カラスビシャク、半夏(サトイモ科)Pinellia ternate BREIT.の塊茎の外皮を除去し乾燥したもの
半夏(はんげ)
[気味]辛、温
[帰経]脾・胃
[主治]胃内停水があって、その上逆による悪心・嘔吐・咳嗽・心悸・頭痛・急性胃カタル・咽喉腫痛・妊娠悪阻・不眠症(燥湿化痰、降逆止嘔、消痞散結)。
夏の半ばに黄緑色の奇妙な花をつけます。地下に白い小さな球があります。塊茎(かいけい)がへそのようで栗の形をしているので“ヘソクリ”の別名があり、畑仕事の折、これをとりたくわえ、それを売ってはヘソクリを作ったといいます。
五月の中旬ごろから十月ごろまで、葉をつぎつぎに展開させ花茎を抽(ひ)き、地下にある球根を肥(ふと)らせます。これを掘り取り水洗いしたから塩水(3%)に入れ、芋を洗うようにして皮をむき、塩気がなくなるまで水洗いをし、日光で乾かします(水洗いをする時手が痒くなるので注意)。生薬の「半夏(はんげ)」です。
古代中国の薬局方である『神農本草経(しんのうほんぞうきょう)』下品に収載される薬物です。胸のつかえや吐き気を止め、胃内停水や悪阻(つわり)を目標に小半夏加茯苓湯(しょうはんげかぶくりょうとう)、半夏厚朴湯(はんげこうぼくとう)、半夏瀉心湯(はんげしゃしんとう)、小柴胡湯(しょうさいことう)(力湧仙)、などの漢方処方に配剤されます。
和名は、仏炎包(ぶつえんほう)を付けた独特の花茎の形によります。似て非なるに烏(からす)を冠したのでしょう。この苞(ほう)は、非常に特徴があって、この仲間のミズバショウ、ザゼンソウ、コンニャク、ウラシマソウなどの、サトイモ科に属するものに共通しています。
苞の中に1本の肉質の軸があって、苞の中ほどまでは雌花群を形成し、その上は雄花群が花軸に密生しています。
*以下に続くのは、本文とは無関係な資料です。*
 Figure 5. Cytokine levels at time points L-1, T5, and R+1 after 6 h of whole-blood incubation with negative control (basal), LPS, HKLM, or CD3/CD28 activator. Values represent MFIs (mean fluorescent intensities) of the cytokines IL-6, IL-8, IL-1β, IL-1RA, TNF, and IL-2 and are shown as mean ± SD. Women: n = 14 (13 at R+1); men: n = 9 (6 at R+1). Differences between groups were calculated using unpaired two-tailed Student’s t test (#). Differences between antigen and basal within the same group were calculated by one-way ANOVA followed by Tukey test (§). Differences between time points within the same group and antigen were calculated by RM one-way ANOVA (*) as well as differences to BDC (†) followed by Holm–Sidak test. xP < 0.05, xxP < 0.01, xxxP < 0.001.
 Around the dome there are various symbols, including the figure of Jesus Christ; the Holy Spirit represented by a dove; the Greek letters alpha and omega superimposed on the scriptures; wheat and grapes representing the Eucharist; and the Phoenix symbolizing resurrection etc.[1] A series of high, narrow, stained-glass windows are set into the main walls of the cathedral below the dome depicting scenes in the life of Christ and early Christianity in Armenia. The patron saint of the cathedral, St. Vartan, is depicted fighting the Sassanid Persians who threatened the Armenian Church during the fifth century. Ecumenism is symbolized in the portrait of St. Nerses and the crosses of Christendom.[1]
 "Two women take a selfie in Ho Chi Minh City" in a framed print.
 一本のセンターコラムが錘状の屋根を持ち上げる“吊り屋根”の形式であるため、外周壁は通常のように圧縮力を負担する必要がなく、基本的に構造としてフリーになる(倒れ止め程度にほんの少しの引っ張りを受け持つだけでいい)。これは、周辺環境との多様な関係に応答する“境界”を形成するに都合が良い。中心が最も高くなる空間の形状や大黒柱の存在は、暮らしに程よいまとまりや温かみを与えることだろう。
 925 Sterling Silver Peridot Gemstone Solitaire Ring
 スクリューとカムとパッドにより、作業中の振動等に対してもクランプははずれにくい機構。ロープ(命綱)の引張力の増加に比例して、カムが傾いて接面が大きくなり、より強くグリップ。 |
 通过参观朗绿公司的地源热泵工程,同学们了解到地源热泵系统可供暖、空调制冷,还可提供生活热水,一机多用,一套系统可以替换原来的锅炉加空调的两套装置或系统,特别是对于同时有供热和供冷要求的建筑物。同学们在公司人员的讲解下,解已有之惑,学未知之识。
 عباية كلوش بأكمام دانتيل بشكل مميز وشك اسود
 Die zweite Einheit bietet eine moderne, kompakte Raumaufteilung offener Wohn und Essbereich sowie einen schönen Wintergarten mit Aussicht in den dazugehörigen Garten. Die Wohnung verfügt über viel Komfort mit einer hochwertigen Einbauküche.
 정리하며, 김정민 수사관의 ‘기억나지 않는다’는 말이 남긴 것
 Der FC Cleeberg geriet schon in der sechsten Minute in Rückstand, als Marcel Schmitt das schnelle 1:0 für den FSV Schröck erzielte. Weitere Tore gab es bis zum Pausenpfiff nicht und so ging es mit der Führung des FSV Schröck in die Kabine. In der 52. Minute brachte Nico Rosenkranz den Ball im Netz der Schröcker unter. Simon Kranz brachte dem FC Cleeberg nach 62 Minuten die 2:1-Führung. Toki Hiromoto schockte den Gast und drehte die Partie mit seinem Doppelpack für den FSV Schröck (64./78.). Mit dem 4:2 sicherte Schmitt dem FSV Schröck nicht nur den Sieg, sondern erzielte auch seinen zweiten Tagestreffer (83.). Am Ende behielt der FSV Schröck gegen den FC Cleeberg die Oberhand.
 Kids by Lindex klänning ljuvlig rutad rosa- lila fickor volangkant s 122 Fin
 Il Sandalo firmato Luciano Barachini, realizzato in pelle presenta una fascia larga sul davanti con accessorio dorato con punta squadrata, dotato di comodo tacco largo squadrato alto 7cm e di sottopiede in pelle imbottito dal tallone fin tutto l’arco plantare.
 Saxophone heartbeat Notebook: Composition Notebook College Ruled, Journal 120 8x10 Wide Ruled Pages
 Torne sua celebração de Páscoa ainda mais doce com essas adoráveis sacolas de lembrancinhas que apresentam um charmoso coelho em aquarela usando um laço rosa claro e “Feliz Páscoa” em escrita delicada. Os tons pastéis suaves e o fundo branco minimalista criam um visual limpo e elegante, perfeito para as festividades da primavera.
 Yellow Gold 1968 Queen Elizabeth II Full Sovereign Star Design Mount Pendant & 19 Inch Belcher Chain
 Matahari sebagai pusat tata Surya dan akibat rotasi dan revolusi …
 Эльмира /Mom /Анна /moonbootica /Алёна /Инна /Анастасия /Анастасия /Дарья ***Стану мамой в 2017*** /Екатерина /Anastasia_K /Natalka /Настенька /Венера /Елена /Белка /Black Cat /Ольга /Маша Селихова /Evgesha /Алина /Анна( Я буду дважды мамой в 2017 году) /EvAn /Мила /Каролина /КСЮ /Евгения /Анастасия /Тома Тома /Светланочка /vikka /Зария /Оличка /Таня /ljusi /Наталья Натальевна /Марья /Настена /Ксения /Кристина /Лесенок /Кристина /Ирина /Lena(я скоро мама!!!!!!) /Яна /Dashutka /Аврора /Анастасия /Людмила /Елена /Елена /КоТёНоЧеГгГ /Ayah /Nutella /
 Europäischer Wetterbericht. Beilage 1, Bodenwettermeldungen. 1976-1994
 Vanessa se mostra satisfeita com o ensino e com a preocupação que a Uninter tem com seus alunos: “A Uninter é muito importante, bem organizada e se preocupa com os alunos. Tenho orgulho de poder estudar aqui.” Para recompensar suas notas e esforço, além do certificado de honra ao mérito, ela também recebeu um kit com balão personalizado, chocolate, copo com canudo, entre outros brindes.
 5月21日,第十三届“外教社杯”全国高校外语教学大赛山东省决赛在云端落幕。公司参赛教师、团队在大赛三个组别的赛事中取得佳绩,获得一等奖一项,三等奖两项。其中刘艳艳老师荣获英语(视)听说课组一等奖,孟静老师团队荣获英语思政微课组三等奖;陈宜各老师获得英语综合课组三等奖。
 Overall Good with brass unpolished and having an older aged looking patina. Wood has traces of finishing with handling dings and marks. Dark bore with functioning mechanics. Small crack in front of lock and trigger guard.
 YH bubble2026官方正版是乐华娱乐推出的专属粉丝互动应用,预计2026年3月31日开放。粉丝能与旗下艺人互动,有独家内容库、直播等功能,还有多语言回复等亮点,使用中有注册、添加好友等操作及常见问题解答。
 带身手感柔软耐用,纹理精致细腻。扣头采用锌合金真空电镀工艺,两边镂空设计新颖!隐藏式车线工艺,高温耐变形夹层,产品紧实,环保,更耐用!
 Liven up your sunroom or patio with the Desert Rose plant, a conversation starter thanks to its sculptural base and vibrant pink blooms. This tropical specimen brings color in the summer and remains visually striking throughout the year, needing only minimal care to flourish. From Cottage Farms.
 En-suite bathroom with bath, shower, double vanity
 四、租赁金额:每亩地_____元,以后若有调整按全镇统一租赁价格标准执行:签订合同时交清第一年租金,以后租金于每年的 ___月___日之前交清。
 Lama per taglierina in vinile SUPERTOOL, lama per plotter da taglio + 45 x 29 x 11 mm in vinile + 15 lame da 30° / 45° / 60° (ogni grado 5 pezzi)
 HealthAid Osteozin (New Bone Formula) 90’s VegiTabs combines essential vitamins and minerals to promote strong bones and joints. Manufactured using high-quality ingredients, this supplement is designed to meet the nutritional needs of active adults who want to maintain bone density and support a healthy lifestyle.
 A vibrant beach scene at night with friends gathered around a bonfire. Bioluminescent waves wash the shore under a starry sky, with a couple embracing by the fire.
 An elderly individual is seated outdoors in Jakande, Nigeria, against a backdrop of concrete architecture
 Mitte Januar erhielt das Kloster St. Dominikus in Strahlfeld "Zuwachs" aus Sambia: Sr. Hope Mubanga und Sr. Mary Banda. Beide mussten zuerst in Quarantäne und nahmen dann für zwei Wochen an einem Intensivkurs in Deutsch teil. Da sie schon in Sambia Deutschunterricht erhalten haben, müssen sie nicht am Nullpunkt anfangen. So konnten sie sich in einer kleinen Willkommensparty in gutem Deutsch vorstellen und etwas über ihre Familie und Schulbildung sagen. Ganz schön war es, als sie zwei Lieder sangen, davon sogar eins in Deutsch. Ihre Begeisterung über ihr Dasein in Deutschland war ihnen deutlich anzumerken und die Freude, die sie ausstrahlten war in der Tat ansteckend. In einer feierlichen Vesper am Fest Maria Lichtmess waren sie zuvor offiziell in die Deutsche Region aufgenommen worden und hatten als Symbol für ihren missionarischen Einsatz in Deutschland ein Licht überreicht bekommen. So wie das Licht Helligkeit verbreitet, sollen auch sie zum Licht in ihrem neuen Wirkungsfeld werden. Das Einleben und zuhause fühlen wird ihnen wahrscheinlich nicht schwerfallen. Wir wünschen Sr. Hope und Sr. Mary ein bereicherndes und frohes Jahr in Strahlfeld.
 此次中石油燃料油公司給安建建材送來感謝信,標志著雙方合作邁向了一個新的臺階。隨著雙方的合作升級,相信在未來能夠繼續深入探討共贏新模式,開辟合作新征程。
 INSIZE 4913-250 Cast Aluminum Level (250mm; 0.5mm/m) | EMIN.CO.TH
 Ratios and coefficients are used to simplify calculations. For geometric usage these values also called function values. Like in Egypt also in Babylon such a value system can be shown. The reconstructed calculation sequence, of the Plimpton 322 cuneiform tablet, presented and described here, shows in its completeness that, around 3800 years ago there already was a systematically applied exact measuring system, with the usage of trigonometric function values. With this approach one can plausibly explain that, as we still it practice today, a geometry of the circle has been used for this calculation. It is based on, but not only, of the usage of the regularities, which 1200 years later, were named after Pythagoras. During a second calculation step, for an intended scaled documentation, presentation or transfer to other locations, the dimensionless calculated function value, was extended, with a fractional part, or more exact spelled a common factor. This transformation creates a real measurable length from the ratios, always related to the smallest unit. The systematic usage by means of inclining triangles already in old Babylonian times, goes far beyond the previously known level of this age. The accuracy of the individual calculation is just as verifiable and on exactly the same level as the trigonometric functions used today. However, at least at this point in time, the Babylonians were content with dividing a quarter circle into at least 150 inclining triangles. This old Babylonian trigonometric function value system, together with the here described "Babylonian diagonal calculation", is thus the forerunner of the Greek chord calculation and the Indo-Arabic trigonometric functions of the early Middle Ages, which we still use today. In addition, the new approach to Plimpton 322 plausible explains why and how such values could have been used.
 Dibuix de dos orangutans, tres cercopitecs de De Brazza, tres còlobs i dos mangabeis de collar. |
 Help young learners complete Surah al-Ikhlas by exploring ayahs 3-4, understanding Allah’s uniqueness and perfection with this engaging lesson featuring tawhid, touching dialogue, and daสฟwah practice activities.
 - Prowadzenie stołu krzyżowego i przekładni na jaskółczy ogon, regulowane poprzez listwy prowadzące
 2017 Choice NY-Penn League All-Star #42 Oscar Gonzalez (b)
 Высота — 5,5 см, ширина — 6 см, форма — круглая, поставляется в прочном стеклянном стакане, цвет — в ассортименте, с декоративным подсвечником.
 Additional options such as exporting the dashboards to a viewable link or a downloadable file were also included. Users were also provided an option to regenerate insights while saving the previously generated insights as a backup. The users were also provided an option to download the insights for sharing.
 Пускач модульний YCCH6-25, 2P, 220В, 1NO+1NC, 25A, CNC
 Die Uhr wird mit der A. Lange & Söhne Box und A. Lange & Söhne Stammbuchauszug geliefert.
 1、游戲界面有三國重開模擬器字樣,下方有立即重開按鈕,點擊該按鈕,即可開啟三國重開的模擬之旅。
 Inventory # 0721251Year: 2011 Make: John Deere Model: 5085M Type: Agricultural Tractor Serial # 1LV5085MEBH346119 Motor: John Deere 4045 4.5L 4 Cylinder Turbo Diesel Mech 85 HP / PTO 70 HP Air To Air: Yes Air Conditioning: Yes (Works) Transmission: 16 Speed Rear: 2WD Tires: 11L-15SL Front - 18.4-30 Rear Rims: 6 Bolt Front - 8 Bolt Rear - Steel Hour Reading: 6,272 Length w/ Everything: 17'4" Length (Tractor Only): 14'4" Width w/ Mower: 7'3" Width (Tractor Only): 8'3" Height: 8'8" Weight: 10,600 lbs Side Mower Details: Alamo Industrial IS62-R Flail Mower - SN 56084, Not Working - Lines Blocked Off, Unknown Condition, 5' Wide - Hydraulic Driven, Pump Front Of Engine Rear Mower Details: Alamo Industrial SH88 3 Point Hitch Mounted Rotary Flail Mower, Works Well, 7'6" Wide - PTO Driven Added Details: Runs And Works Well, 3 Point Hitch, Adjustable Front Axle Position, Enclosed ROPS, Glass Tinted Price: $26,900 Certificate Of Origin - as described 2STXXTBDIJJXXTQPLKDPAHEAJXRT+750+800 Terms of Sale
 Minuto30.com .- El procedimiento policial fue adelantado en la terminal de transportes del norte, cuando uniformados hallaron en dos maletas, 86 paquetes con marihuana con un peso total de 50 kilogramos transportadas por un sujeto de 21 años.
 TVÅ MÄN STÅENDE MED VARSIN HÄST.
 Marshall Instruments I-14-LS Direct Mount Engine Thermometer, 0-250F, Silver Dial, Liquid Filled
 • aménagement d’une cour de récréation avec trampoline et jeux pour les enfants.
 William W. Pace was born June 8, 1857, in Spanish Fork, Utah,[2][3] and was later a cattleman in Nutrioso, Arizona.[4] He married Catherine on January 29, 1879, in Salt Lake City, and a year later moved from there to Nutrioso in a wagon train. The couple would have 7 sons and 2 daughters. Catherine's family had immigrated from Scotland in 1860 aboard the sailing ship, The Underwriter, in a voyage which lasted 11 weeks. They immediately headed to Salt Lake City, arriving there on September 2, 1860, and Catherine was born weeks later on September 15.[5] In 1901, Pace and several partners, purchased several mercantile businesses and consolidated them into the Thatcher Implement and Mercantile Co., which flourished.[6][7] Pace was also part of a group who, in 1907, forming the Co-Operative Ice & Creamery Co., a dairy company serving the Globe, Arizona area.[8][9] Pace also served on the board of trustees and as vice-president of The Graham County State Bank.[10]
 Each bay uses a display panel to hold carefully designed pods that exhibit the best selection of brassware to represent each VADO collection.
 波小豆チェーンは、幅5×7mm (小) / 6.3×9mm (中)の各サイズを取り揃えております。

軸の先はさらにのびて、むち状の付属物となっています。
葉の基部にむかご(種子ではないが、繁殖できる器官)ができ、むかごでも増殖するので、畑一面に見られます。
古名は、『本草和名』ホゾクミ(保曽久美)『延喜式』カタホソ、漢名は地文、水玉、守田など。俗名は地方名はツプロコ、ヘブス、カブラブス、クリコ、ヘビス、ホゾクリ、ヘソクビなど。これほど多くの呼び名をもった薬草は他になく、古い時代から人々に親しまれていた証(あかし)でしょう。原産地は中国大陸のどこかでキビ、アワ、ヒエ、ムギ、オカボ(陸苗)、サトイモ、ニラなどの畑作物に混入して一緒に日本に渡来した雑草です。
半夏微寒 熱(ねつ)痰(たん)胸(むね)に ふさがるや 吐逆(とぎゃく)喉(のど)はれ 痛むにもよし
半夏をば 熱湯に七度 洗いつつ 生姜つきまぜ 日にほし焙(あぶる)
(橋本竹二郎訳『新編和歌能毒』)
先人は「半夏は気を補い、水を去る。故によく嘔吐、腹中雷鳴、咳逆等を治す。また、咽痛を治す。」と言っており、鎮嘔・鎮吐・鎮静・去痰薬として、胃内停水があって、その上逆による悪心・嘔吐・咳嗽・心悸・頭痛・急性胃カタル・咽喉腫痛・妊娠悪阻・不眠症などに応用される。
ただ半夏一味をそのまま服用するとエグ味が強く、チクチクと口中や喉を刺すような感じになり、反って嘔吐を促すので、通常は生の生姜と一緒に用います。